Questions that emerge regarding the present-day distribution of organic matter include the following: Which asteroids (or comets or Kuiper Belt objects) are the sources of the carbonaceous meteorites of various types, including the micrometeorites? What are the compositions of organic matter that color some icy bodies, including Pluto and the Kuiper Belt objects? What are the sources of IDPs? Are there unidentified processes that create and destroy organic matter? Do natural processes result in racemic mixtures of complex OM? What are the chemical details of the formation of macromolecular organic solids under different conditions and with different starting mixtures? What is the temporal history of organic formation in various environments in the solar system? What is the balance in the creation and destruction of OM in impacts and radiation environments? How does refractory OM vary among the comets, asteroids, planetary satellites, and other solar system bodies, and what does this tell us about the chemical environments in which it formed? What kind and quantities of OM delivered to early Earth and other terrestrial planets survived the impact and the planetary environments at that time? Did extraterrestrial organic matter trigger or provide the feedstock for early life on Earth? Where else in the solar system does life exist or has it existed? Could the terrestrial L-enantiomer preference result from the chirality of extraterrestrial OM? Are there planets in the habitable zones around other stars?b What are the characteristic signatures of primitive body reservoirs around other stars? Is our assemblage of primitive bodies typical? What is the population structure of the solar system? What is the nature of Kuiper Belt objects? What is the formation history of the trans-neptunian region? Where in the solar system did building blocks form; which were transported and which were not?

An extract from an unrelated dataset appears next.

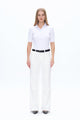 Cropped high-waisted wide-leg jeans in stretchy denim. Designed with a classic 5-pocket silhouette, contrast rivet waist closure, irregular whiskering, hand sanding, raw hem, and distressed back pockets with frayed edges.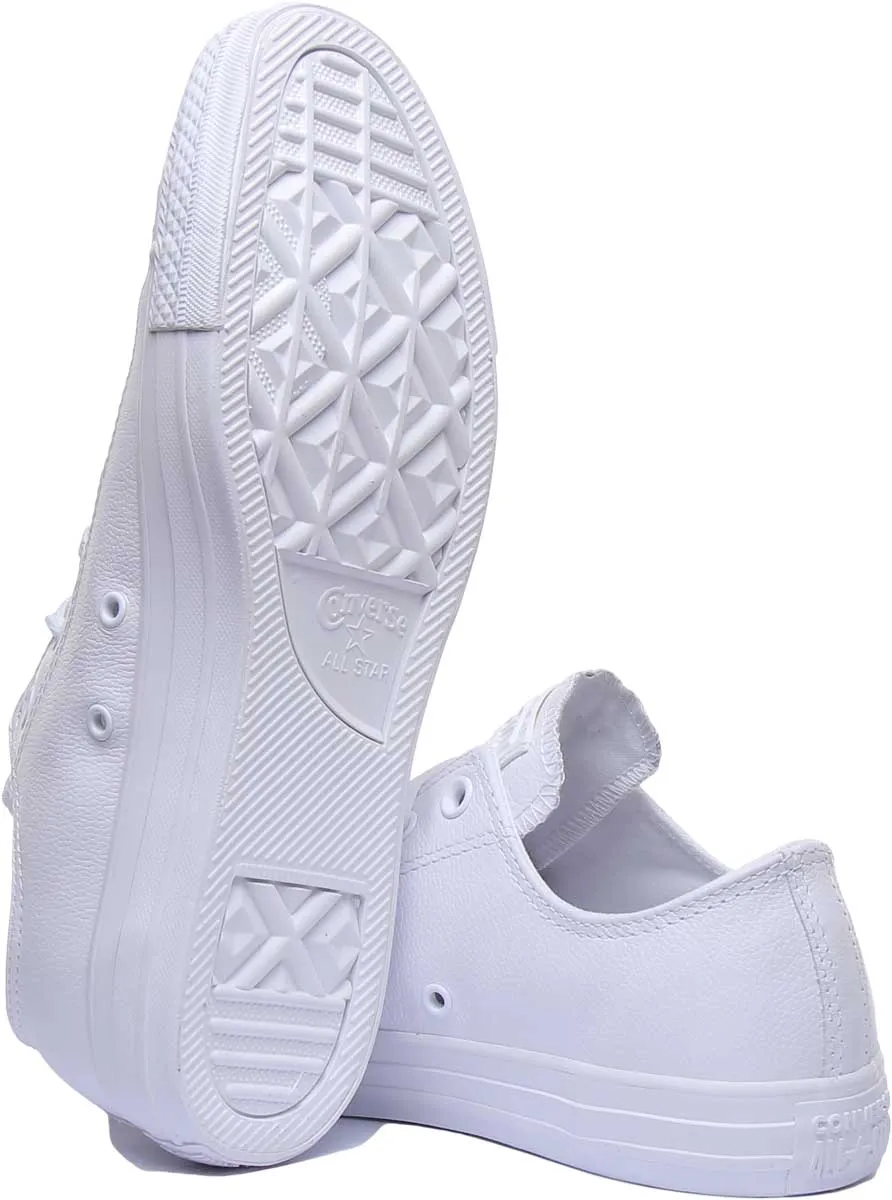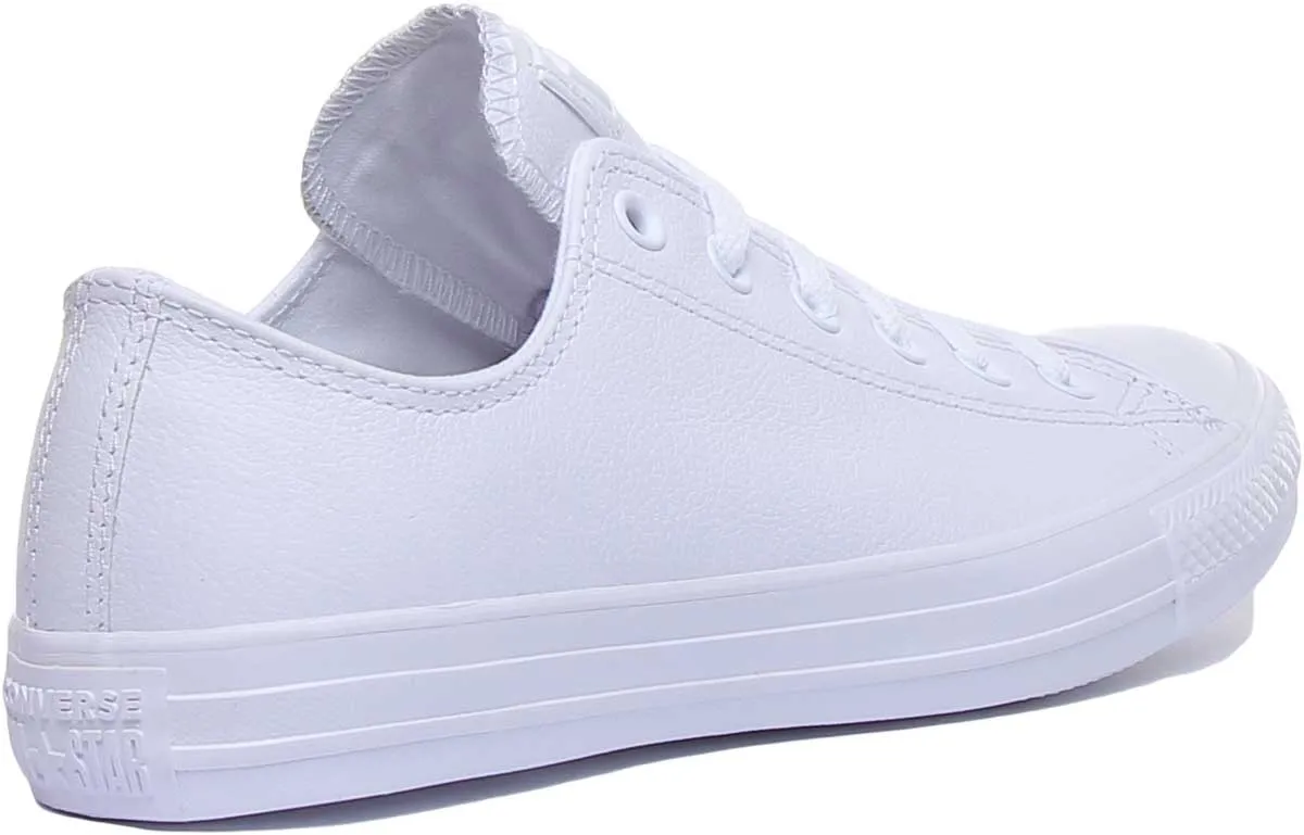 This Converse Chuck Taylor is the low top edition of the most iconic sneaker of all time. It features premium leather upper with the signature rubber toe cap and vulcanized rubber sole. It has lining and insoles made of textile for comfort. This classic design, featuring a clean and simple, forever-in-style look, is one of the most versatile sneakers ever, able to be paired with virtually any outfit and style.

Questions of pivotal importance include the following: How do compositional differences between the Oort cloud and the Kuiper Belt bodies relate to their sites of origin? Are small, distant bodies such as Kuiper Belt objects, Pluto, and Charon geologically active today? What is the nature of binary objects in the solar system, and what do they tell us about formation history? What processes modify the surfaces of all categories of building blocks? Foundation-building questions are as follows: How do colors and albedos of small bodies relate to their compositions and histories of alteration by various processes since their origin? What roles did various dynamical processes play in the origin and evolution of the primitive bodies in the solar system, and what were the time scales? What are the orbital distributions of long-period and new comets, and how have these distributions evolved over the age of the solar system? Primitive Bodies As Reservoirs of Organic Matter Potentially paradigm-altering questions about primitive bodies as reservoirs of organic matter include the following: What are the compositions and origins of the organic and volatile materials in primitive bodies? How is organic matter distributed throughout the solar system? What is the chemical and isotopic composition of cometary surface materials? What are the physical and chemical/isotopic properties of comet nuclei, and do they vary with depth? Questions of pivotal importance include the following: Did organic matter from comets and meteorites provide the feedstock for the origin of life on Earth? What are the parent bodies of the carbonaceous meteorites, interplanetary dust particles, and micrometeorites? Foundation-building questions are as follows: What are the processes by which organic material forms on the surfaces of icy and other primitive bodies in the current epoch? What is the thermal and aqueous alteration history of the parent bodies of the organic-rich primitive meteorites?